Night like an absence of music, 
just a hole for your eyes and the creeping ivy gone black.
Unfamiliar things and things not forgotten, unforgettable things,
it’s the same skin for it all. Echoes of fading and fading echoes.
No reasons why and no why. No multitudes. Nada.
Only what was chewed and spat and left
for the slowest of winds to collect. 
I am trying to read a poem, but it makes no sense.
I can do nothing but shadows.

Immediately, I noticed the lack of left-sided tears and next the right-sided tears disappeared, and I was left with a neutral feeling that I must use it as an example of exactly what’s going on, finally, a way to explain the switch I am experiencing.  Before I would have read it, hailed it as wonderful and felt compelled to go write something. Whether inspired or competitive, his writing has done that to me in the past because I admire its grace and bull's eye. While wishing that I could have written something like it, knowing it is out of range for me right now, I now really wanted to make a picture of this GHOST. I may indeed.
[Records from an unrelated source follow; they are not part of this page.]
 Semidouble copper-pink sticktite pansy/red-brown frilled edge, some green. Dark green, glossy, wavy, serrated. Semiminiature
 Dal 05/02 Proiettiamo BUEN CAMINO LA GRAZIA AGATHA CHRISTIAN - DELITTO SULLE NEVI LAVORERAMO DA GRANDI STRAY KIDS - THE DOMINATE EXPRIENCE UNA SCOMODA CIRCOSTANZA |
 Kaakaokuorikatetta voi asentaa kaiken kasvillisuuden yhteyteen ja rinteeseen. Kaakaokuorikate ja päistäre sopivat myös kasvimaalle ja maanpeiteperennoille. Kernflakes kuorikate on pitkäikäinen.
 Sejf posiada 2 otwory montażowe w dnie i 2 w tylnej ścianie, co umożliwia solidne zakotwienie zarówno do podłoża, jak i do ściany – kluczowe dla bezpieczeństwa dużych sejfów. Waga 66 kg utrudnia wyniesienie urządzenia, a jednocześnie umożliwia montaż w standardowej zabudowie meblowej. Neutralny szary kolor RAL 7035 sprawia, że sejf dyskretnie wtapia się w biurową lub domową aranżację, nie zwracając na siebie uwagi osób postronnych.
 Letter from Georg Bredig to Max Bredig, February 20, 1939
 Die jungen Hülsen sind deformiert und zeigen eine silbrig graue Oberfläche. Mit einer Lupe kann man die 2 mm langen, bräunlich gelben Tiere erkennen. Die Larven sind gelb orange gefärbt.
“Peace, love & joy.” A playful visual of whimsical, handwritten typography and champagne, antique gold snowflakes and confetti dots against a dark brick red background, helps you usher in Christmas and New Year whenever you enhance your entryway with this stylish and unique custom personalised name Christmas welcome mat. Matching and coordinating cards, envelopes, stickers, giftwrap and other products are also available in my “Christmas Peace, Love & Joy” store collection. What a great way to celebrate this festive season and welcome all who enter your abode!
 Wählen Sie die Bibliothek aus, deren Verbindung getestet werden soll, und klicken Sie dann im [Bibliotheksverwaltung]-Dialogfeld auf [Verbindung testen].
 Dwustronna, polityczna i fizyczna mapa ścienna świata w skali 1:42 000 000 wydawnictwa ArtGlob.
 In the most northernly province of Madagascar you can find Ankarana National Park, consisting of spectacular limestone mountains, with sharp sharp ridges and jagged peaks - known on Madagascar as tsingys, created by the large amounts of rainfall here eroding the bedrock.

However, I started this blog all over again.  After all, as I said, I am able to see everything that I saw before surgery; it’s just that I can’t express it as I would like to express it. Everything is too formal, too rhyming, too disconnected between imagery and words…but here is this poem by Mr. Pedersen…and it collected the shadows of days when it was connected, when I could enjoy chasing the discombobulated image rising with words that made sense, and I could cry with overwhelmed feelings and no neutrality entering the picture for hours, or days, or months. Like a baby with no tears I recover quickly. This poem captured for me what I cannot seem to capture right now – echoes of fading and fading echoes. It’s all I can absorb when it comes to words, no matter how many times I re-read and re-write. A poem like this engulfs me with a feeling of being recognized, known, and I want to hold it and express it like I'd imagine a ghost wants to hold the material world it drifts through. I find that is more likely with an oil pastel than with my keyboard presently, because I'm lately unclear about what I want to write, even right now.
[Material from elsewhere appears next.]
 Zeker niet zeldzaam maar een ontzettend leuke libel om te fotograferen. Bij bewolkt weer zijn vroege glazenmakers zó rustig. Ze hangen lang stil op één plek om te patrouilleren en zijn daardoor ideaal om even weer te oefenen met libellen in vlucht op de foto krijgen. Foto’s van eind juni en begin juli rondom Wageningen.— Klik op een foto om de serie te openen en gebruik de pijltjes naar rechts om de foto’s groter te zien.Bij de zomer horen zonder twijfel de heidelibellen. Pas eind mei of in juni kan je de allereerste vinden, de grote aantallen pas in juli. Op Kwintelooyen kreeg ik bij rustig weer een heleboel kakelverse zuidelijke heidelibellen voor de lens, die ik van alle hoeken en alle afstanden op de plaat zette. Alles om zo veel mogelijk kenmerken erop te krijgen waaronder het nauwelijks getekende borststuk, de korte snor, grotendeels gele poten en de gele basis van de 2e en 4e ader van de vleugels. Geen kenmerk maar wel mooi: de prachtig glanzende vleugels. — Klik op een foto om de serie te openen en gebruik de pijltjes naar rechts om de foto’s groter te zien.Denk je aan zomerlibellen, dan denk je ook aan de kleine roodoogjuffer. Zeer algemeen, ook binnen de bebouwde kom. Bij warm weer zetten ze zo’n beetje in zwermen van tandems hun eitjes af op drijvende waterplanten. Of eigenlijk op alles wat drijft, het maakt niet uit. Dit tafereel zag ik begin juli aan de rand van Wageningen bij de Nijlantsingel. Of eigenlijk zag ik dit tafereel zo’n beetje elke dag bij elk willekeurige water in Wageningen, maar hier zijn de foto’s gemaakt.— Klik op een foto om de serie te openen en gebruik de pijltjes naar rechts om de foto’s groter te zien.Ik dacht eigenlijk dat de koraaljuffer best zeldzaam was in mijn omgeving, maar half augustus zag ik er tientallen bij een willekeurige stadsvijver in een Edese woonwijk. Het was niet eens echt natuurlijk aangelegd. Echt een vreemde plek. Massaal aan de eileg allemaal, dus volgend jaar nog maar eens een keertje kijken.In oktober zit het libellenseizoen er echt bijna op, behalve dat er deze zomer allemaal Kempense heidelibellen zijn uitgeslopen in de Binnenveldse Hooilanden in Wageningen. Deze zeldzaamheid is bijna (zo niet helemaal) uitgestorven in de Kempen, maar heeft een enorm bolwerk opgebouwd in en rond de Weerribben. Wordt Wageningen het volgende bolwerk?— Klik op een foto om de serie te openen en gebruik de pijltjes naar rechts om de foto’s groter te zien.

There’s more to say, or write, but I feel like already I’ve gone on much longer than I would have before.  Suffice it to say that the neurosurgeon said it would take time to reintegrate my right and left brain, to get the nerves in my face out of a state of Novocain, to develop tears in my left eye. How much time? Up to two years. The neurologist told me that in spite of the external signs of healing, the inside of my brain has essentially been hit with a hatchet, and I need to learn some patience. 
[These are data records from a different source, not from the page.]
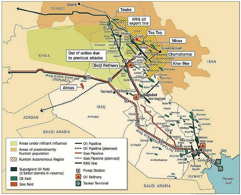 クルド側の言い分は、イラク側が取り決めに沿って支払いを行っていないことによるものだと強調し、クルド政府はすでにイラク政府に対し、クルドから原油を買うのか、2014年の取り決めを破棄するかの選択を迫ったと報じている。上の図は、緑色で原油とガスのパイプラインを示している。緑色の帯が油田地帯。上の地図の、緑はIS影響地域、茶色は、クルド人の居住分布を示している。
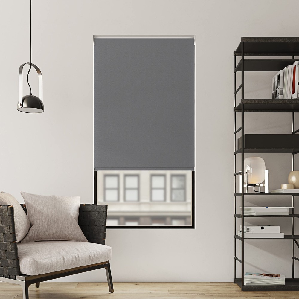 Lodi Textured 100% Blackout Cordless Roller Shades add sophistication and function to your windows. Total Blackout technology is laboratory tested to block out 100% of light, reduce outside noise by up to 50%, and decrease energy lost through your windows by up to 45%. Comfort is optimized with thermal properties that help keep summer heat and winter chill out of your home. Best for Certified cordless design with included handle pull for easy adjustment. Use in your entertainment room to eliminate screen glare and reduce distracting outside noise, or in your bedroom for enhanced privacy and a sounder, more uninterrupted sleep. Mounting hardware included for inside or outside mount as desired. Sold as individual panels measuring 23" width by 72" length in color gray. Measure carefully before selecting your desired size and quantity. Rod not included. Pull shade down until fully extended. Spot clean with a nonabrasive soft damp cloth. Rinse out cloth thoroughly as needed while cleaning. Leave shade fully extended until completely dry. Blackout technology blocks out 100% of light Energy Saving design reduces window energy loss by up to 45% Up to 50% noise reduction helps you get a sounder, more uninterrupted sleep Thermal properties help regulate the temperature of your home Certified Best for cordless control with included handle pull for easy adjustment
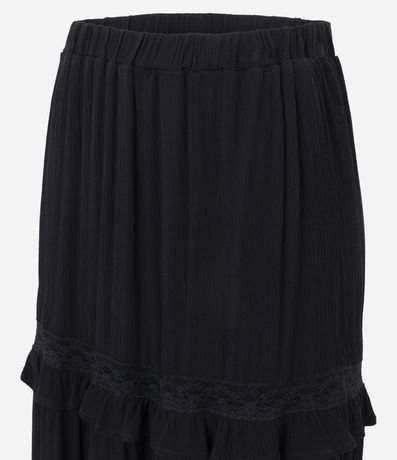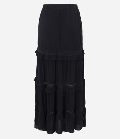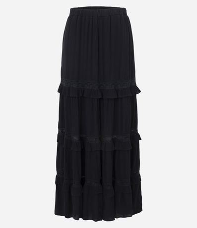 Ref: Saia longa em chalis de viscose com efeito crinkle e camadas de babados, trazendo movimento e leveza ao look. Possui cós elástico e detalhes delicados que valorizam o caimento. Perfeita para compor produções fluidas, confortáveis e cheias de estilo no dia a dia.
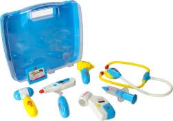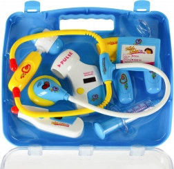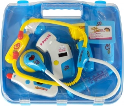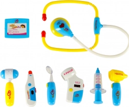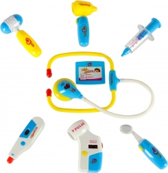 Součástí sady jsou lékařské nástroje jako stetoskop, teploměr, tlakoměr, nástroj na uši, stříkačka, kladívko, lékařský odznak a nástroj na kontrolu krku s osvětlením.
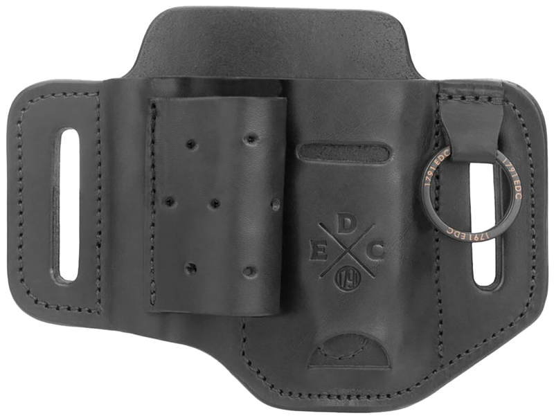 Ambidextrous outside-the-waistband (OWB) belt slide holster crafted from premium black leather. Designed for everyday carry (EDC) with heavy-duty construction and easy draw mechanics. Small size dimensions measure 9.0" L x 8.2" W x 1.9" H.
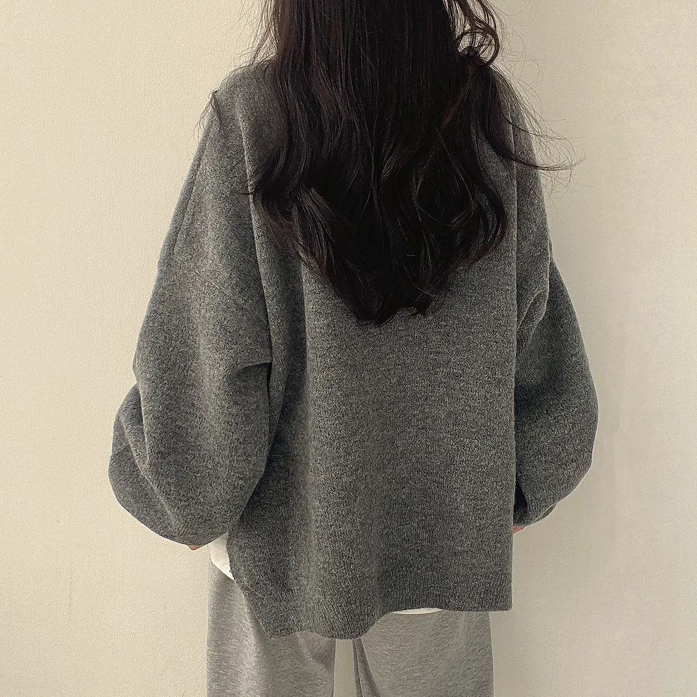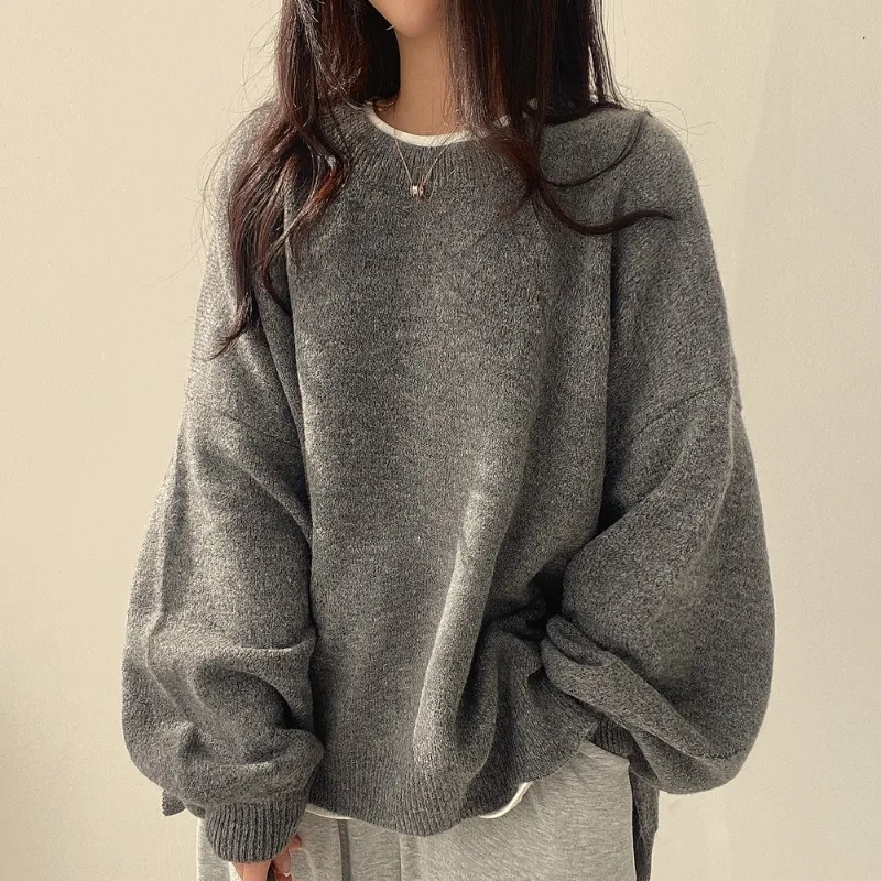 Crewneck Pullover Lantern Sleeve Loose Sweater Woman
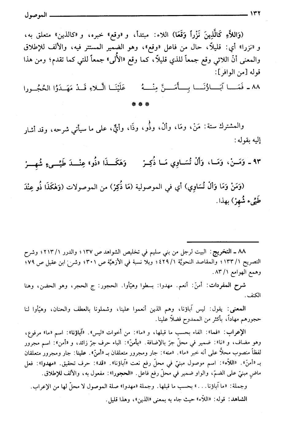 88- التخريج: البيت لرجل من بني سليم في تخليص الشواهد ص137؛ والدرر 1/ 213؛ وشرح التصريح 1/ 133؛ والمقاصد النحوية 1/ 429؛ وبلا نسبة في الأزهية ص301؛ وشرح ابن عقيل ص79؛ وهمع الهوامع 1/ 83.

Two years is the subtle, or not so subtle, indication that my writing is going to focus on small challenges for a while longer in order to integrate things that used to seem easy to me – words and images, feelings and metaphors, whether to use "at" or "for,"  "when" or "where" and to enjoy the flow of ideas. I’m reading the dictionary and the grammar books. I’m returning to basics to find the difference between “since” and “sense” and “they’re” and “there” as my fingers act like the auto-corrections on my smart phone and drop in “like” when I meant “lost”. The huge projects I’ve worked on in the past simply overwhelm me. A sentence is a good challenge…to write simply without so many words (could I have just written – to write simply?). A poem is even better, though it is more challenging, and so I'll be focusing on other Kosmic Egg and Kosmic Egg Tarot sites, and come here less often because right now it feels like a lot.

Finally, I’ll let Curiosity remain at the head of my table now and let Expectations drop to the side, in between Imagination and Patience.